[Assignment] Below are lines of records; copy exactly those from the one containing "ラマの毛刈りから糸づくり、染色、編み上げまで、すべて手作業。" through the one containing "VENTENY Lamborghini GT3(小暮卓史/元嶋佑弥)が入った。", leaving the pictures behind.

Data items
==================================================
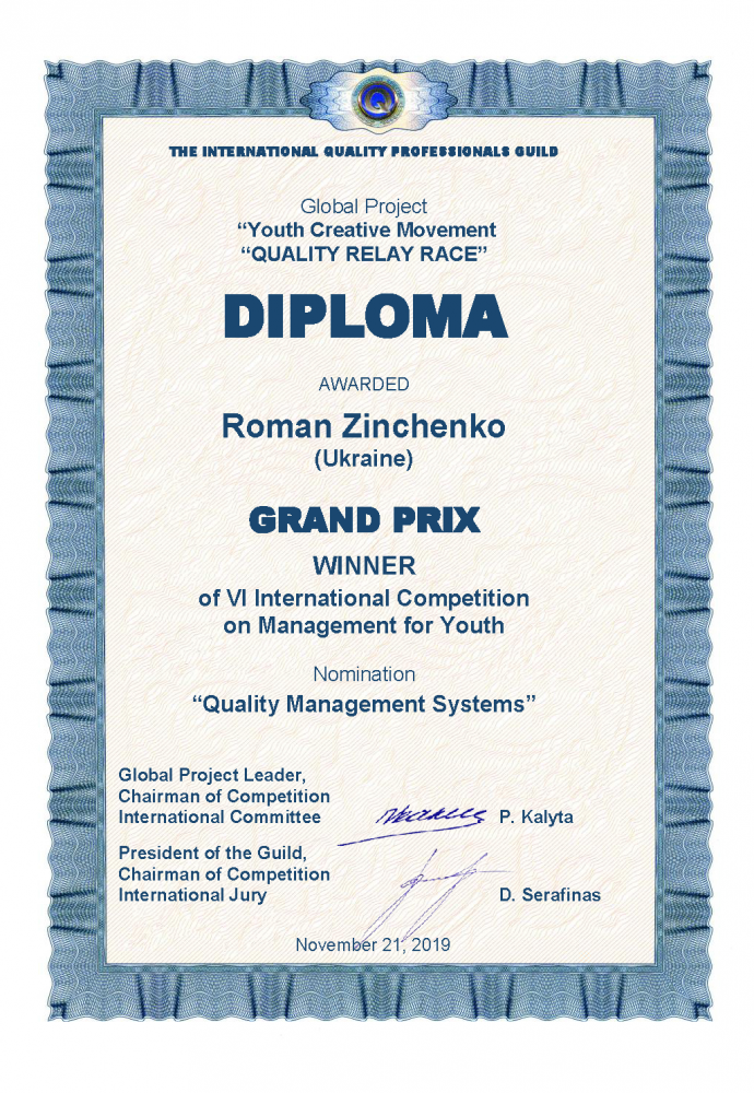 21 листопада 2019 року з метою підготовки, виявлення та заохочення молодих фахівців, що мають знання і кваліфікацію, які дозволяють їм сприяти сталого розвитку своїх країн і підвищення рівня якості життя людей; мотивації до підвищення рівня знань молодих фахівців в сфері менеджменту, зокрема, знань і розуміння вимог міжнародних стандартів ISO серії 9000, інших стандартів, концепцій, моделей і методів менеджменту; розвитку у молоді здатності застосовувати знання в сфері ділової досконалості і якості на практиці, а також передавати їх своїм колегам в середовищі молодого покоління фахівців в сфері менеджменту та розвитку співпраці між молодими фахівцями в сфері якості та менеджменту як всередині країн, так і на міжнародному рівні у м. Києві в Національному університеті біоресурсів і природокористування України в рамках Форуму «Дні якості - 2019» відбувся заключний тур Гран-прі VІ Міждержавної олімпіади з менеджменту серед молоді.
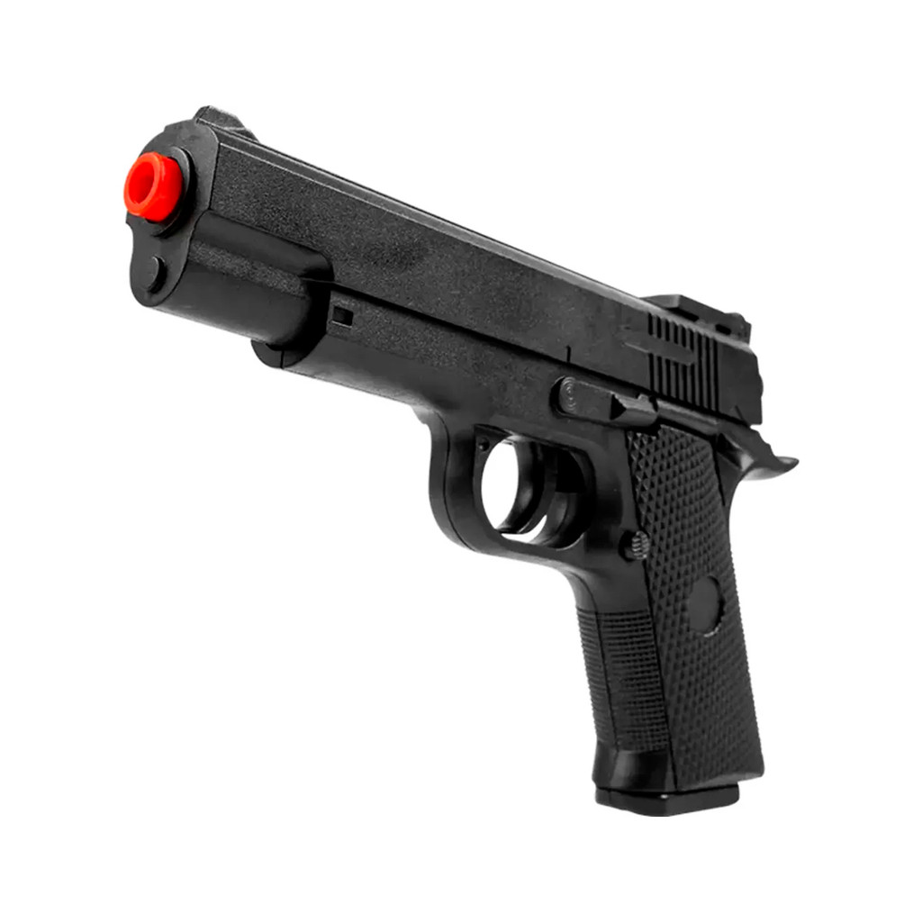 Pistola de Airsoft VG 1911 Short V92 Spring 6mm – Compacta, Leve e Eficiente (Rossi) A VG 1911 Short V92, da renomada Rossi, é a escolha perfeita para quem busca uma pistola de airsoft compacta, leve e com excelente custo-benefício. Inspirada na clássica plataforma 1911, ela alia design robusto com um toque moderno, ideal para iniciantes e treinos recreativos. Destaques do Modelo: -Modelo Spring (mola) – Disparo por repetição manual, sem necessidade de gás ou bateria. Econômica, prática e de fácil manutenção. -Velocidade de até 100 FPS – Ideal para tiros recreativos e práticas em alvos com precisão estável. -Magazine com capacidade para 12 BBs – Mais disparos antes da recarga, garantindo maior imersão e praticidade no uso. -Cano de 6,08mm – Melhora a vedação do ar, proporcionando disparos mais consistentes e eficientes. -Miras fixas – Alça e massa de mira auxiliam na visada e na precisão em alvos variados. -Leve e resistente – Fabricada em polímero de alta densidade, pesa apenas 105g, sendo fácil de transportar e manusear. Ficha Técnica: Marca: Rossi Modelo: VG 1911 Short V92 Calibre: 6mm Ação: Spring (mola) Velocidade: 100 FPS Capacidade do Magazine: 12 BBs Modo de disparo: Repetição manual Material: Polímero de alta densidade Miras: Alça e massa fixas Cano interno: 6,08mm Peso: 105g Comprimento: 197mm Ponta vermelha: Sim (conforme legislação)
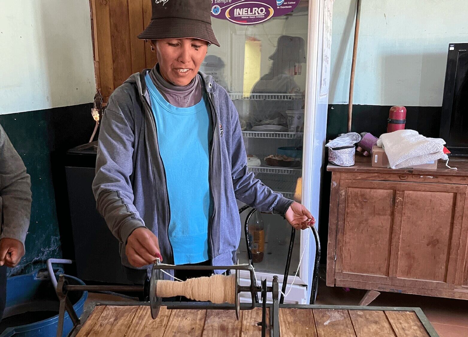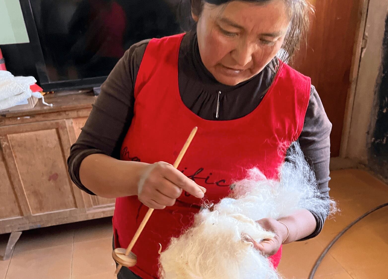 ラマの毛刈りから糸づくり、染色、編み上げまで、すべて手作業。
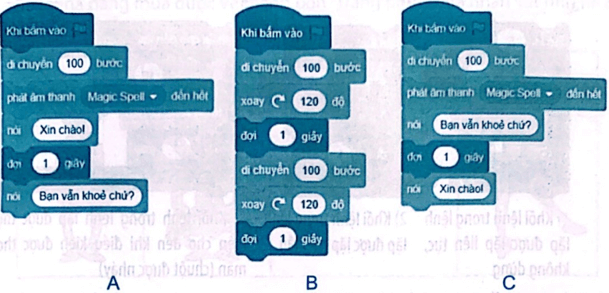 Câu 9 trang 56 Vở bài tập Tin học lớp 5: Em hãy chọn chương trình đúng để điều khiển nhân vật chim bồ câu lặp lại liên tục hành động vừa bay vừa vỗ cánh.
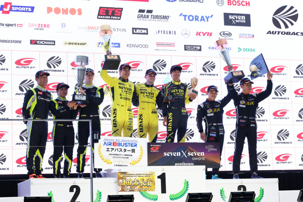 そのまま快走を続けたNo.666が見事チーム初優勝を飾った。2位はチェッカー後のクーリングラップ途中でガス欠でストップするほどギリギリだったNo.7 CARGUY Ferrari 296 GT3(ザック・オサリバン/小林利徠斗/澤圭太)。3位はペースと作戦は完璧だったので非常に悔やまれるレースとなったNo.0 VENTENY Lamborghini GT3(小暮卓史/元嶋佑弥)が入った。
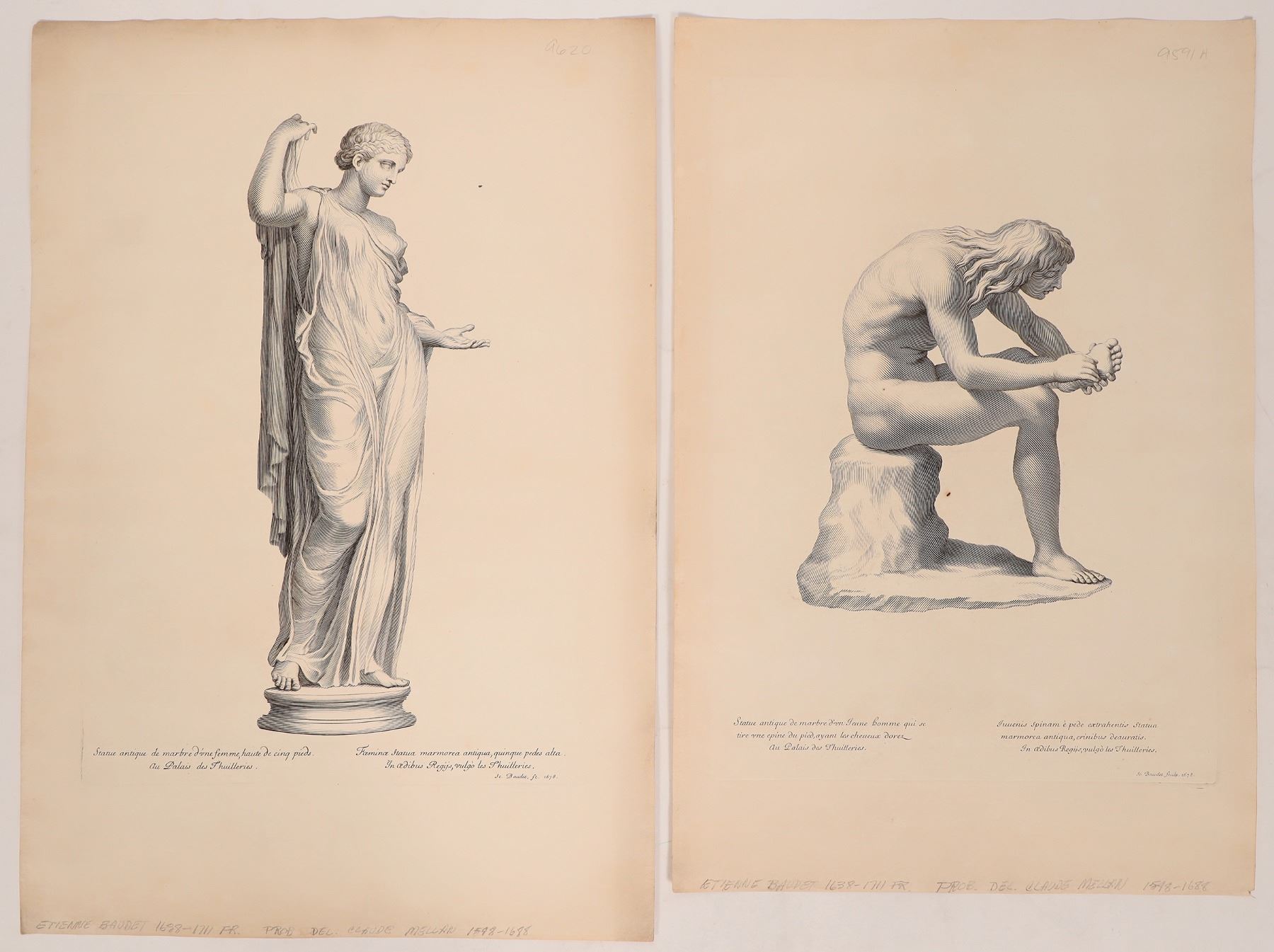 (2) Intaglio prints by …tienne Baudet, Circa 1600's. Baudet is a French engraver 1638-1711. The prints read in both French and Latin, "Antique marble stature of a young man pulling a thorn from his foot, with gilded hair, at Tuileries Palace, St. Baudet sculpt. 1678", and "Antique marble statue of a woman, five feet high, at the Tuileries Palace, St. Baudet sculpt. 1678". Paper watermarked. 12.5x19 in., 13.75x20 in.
==================================================
[Reply]
 ラマの毛刈りから糸づくり、染色、編み上げまで、すべて手作業。
 Câu 9 trang 56 Vở bài tập Tin học lớp 5: Em hãy chọn chương trình đúng để điều khiển nhân vật chim bồ câu lặp lại liên tục hành động vừa bay vừa vỗ cánh.
 そのまま快走を続けたNo.666が見事チーム初優勝を飾った。2位はチェッカー後のクーリングラップ途中でガス欠でストップするほどギリギリだったNo.7 CARGUY Ferrari 296 GT3(ザック・オサリバン/小林利徠斗/澤圭太)。3位はペースと作戦は完璧だったので非常に悔やまれるレースとなったNo.0 VENTENY Lamborghini GT3(小暮卓史/元嶋佑弥)が入った。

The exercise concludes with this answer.